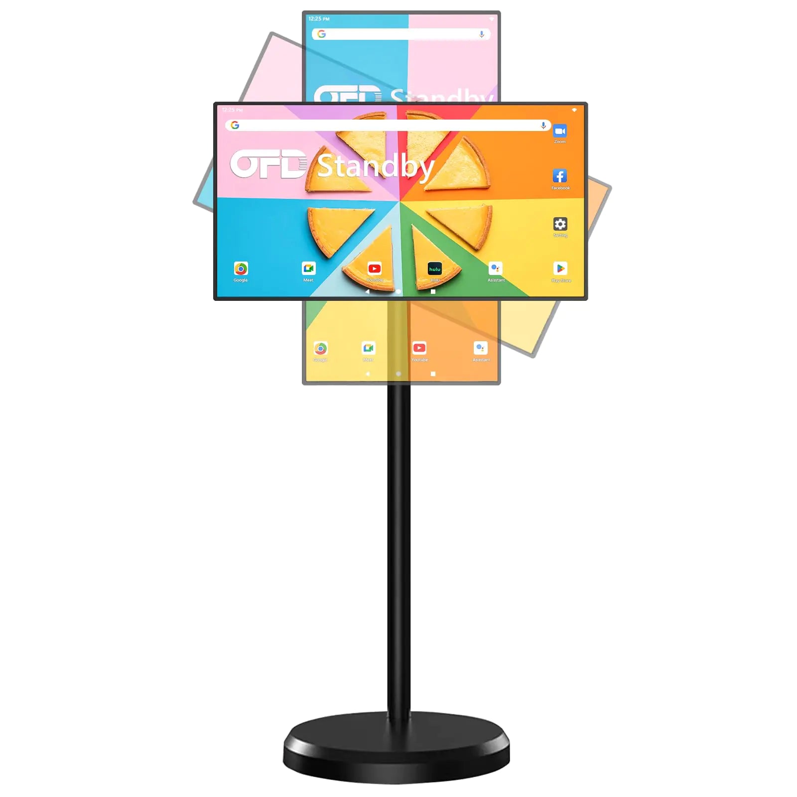 [【Removable Android Tablet Monitor】Tablet monitor with wheels uses a 21.5-inch IPS screen with 100% sRGB FHD1080P 60HZ and built-in speakers*2 (3W+3W). It is a mobile smart screen suitable for learning and teaching leisure and entertainment and work assistants. You can use it to learn the yoga moves you want learn cooking watch movies watch Tiktok videos and wirelessly cast screens. The silent wheels on the base make it convenient for you to move it around the house at any time or even move it outdoors. 【Android system supports Google Store】The rotatable screen is based on Android 13 system and is equipped with 4GB RAM and 64GB storage space. This device has been fully certified by Google and allows you to access the Google Play Store allowing you to easily download and run any application. It can interact well with Phone Tablet or other devices to achieve your work needs and entertainment moments. 【Support flexible adjustment of screen angle】Touch screen of the black body can be flexibly adjusted to your comfortable viewing angle. It can rotate 90° left and right look up 25° and look down 15°. The adjustable screen can be adjusted to horizontal and vertical modes to provide you with the best viewing experience. 【Long-lasting battery life and wireless projection support】The portable TV is assembled with a smart touch screen a standing bar and a base with a battery. The battery capacity is 12V 6000mAh. When fully charged it can last for 4-6 hours without plugging in. The device supports Wifi5.0 transmits content information under Bluetooth 5.0 and supports wireless projection. Screen projection protocol: supports Android iPhone Windows and Mac computers. 【Only supports Type-C interface】The smart TV display only has a Type-C interface and supports OTG. In addition to wireless projection the device can also be connected to the Type-C interface of the display through a transmission line and the screen content can be transmitted in real time. Users can easily share their favorite content with close individuals. 【Product List】21.5inch Smart screen x 1 standing bar x 1 mobile base x 1 power adapter x 1 user manual x 1. Please note that this device does not come with a camera. If you have any questions about this portable TV after purchase please feel free to consult us and we have professional technicians to answer your questions.]
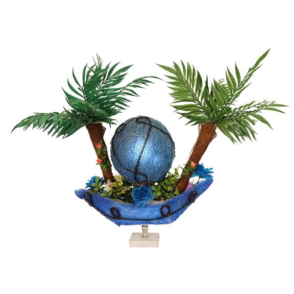 196 - VINTAGE CARVED PALM TIKI TABLE LAMP.Peekaboo Gallery
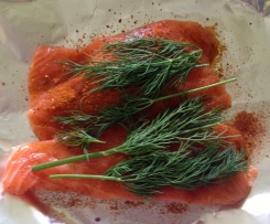 Den Lachs mit dem Olivenöl, Salz und Paprikapulver einstreichen. Den Dill auf dem Lachs verteilen und alles in eine Alufolie einwickeln und auf den obersten Boden des Varomas legen.
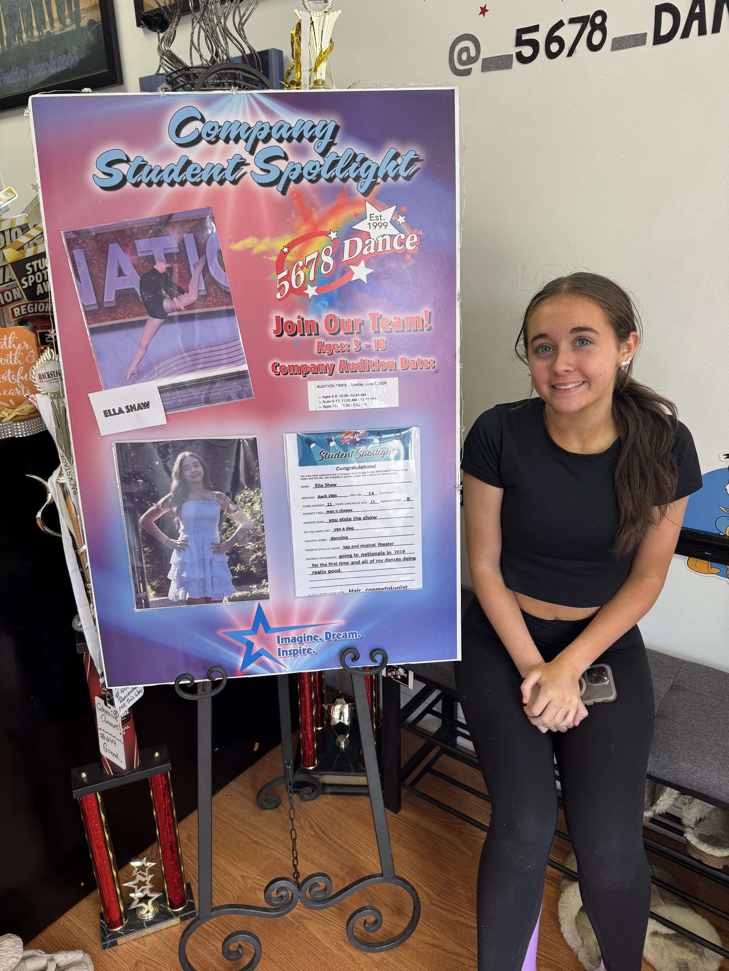 Are YOU ready to shine? We can’t wait to announce our NEXT STUDENT IN THE SPOTLIGHT next week! Let’s go, 5678’ers! 💃✨
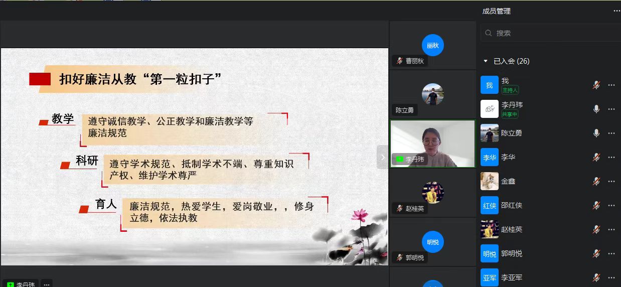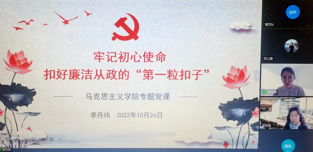 10月26日,下午3点,伟德国际VICTOR1946教师、纪委监督员李丹玮同志在钉钉视频会议中为全院教职工讲了一堂生动的党课。题目为:《牢记初心使命扣好廉洁从政的“第一粒扣子”》。视频会议由曹丽秋同志主持,公司全体教职工聆听了党课。

──────────────────────────────

The problem: The answer must be the lines above from the line that contains "Are YOU ready" to the final line of the data, word for word, with no pictures.

Solution:
 Are YOU ready to shine? We can’t wait to announce our NEXT STUDENT IN THE SPOTLIGHT next week! Let’s go, 5678’ers! 💃✨
 10月26日,下午3点,伟德国际VICTOR1946教师、纪委监督员李丹玮同志在钉钉视频会议中为全院教职工讲了一堂生动的党课。题目为:《牢记初心使命扣好廉洁从政的“第一粒扣子”》。视频会议由曹丽秋同志主持,公司全体教职工聆听了党课。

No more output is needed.